Update (July 10, 11:15 am): Woodstock 50 promoters have issued a statement after being denied a permit by the Town of Vernon to hold the festival at Vernon Downs in August. They will be appealing the codes enforcement officer’s ruling to the Town of Vernon Planning Board. The board has 30 days to rule on the appeal. A spokesperson for Woodstock issued the following statement late Tuesday:
In response to the denial of an event permit by the Town of Vernon, Woodstock 50 believes certain political forces may be working against the resurrection of the Festival. Local reports claim Woodstock’s filing for the permit was “incomplete” but that is not the case. Woodstock 50 officials were informed by the Town of Vernon that most questions had been answered and asked only that Woodstock submit medical, safety/security and traffic plans by this past Sunday, which it did. With a venue chosen, financing assembled and many of the artist’s supporting Woodstock’s 50th Anniversary event, the organizers are hopeful that their appeal and reapplication tonight will prevail without further political interference.
Syracuse.com is reporting that the Town of Vernon has denied an event permit application to hold the Woodstock 50 year anniversary at Vernon Downs Casino Hotel.

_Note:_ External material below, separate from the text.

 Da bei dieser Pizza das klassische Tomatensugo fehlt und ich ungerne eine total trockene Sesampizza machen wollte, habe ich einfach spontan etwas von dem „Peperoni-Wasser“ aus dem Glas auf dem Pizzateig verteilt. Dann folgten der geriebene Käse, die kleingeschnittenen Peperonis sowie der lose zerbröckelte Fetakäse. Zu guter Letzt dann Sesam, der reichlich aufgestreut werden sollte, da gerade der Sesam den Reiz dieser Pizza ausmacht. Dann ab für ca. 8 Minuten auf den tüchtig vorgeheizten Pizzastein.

The event was scheduled to be held Aug. 16-18 at the harness racing facility in rural Central New York.
Town attorney Vincent Rossi told the site that the application was submitted late and was “dramatically incomplete,” while also adding that Woodstock or Vernon Downs can file an appeal with the town planning board within five days. The board would then have 30 days to rule on the appeal.
Town Code Enforcement Officer Jody Thieme, in the town’s denial letter, cited a provision in the town code that calls for explicit plans for an event, including sanitation, parking, traffic control, emergency first aid, and evacuation procedures. The application, which was filed on July 3, lacked supporting documents detailing these requirements.

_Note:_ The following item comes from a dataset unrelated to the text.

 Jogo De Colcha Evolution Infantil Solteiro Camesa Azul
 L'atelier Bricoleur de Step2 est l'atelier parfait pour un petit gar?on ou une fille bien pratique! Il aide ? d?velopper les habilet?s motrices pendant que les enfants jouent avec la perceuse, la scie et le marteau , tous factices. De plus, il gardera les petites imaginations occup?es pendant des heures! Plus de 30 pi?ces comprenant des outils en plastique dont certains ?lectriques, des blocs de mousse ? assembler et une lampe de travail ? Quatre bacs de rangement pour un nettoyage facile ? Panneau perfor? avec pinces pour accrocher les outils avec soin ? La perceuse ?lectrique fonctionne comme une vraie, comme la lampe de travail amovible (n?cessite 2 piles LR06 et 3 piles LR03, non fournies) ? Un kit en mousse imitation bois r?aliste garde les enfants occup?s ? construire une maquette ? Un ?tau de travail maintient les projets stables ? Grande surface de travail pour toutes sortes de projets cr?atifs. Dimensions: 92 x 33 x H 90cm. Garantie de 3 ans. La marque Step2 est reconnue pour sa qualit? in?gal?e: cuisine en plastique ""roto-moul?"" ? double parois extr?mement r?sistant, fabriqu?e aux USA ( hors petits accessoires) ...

Additionally, town code requires applications to be submitted 120 days prior to an event, which would have been in April. Woodstock filed their initial application in June, according to officials.
Town residents and local law enforcement expressed concerns over the event at a town meeting held Monday night. The standing-room-only meeting was attended by nearly 100 people, many worried about the traffic, noise, and vandalism from the expected 65,000 attendees.
Oneida County Sheriff Rob Maciol and Oneida County Emergency Management Director Kevin Revere have spoken against hosting the event since the possibility of the Vernon site was announced, citing the lack of time needed to properly put it together.
At Monday’s meeting Maciol went a step further, saying, “It is impossible to ensure the safety of the public at this point. If you’re asking me right now, I’m not confident in saying the public will be safe.”
Revere added, “Any emergency management director will say there isn’t enough time to do this properly. The less time you have to plan this stuff, the margin of error goes up tremendously.”
With a mere 38 days left to pull off the festival, the fate of Woodstock 50 is seemingly sealed for good. The festival’s future has been in flux since April when original investors, Dentsu Aegis Network, effectively canceled the festival, sending the matter to court. Woodstock organizers sought to recoup $18.5 million they claimed was illegally taken from a festival account by Dentsu. That claim was ultimately denied at the appellate level.
Promoter Michael Lang had previously announced 80 acts to perform on three stages. Artists originally scheduled to perform include: Jay-Z, Miley Cyrus, The Killers, The Lumineers, Dead & Company, The Raconteurs, Chance the Rapper, Imagine Dragons, Halsey, Santana, Greta Van Fleet, and John Fogerty.
Woodstock officials have not yet commented on the town’s decision or whether they would file an appeal.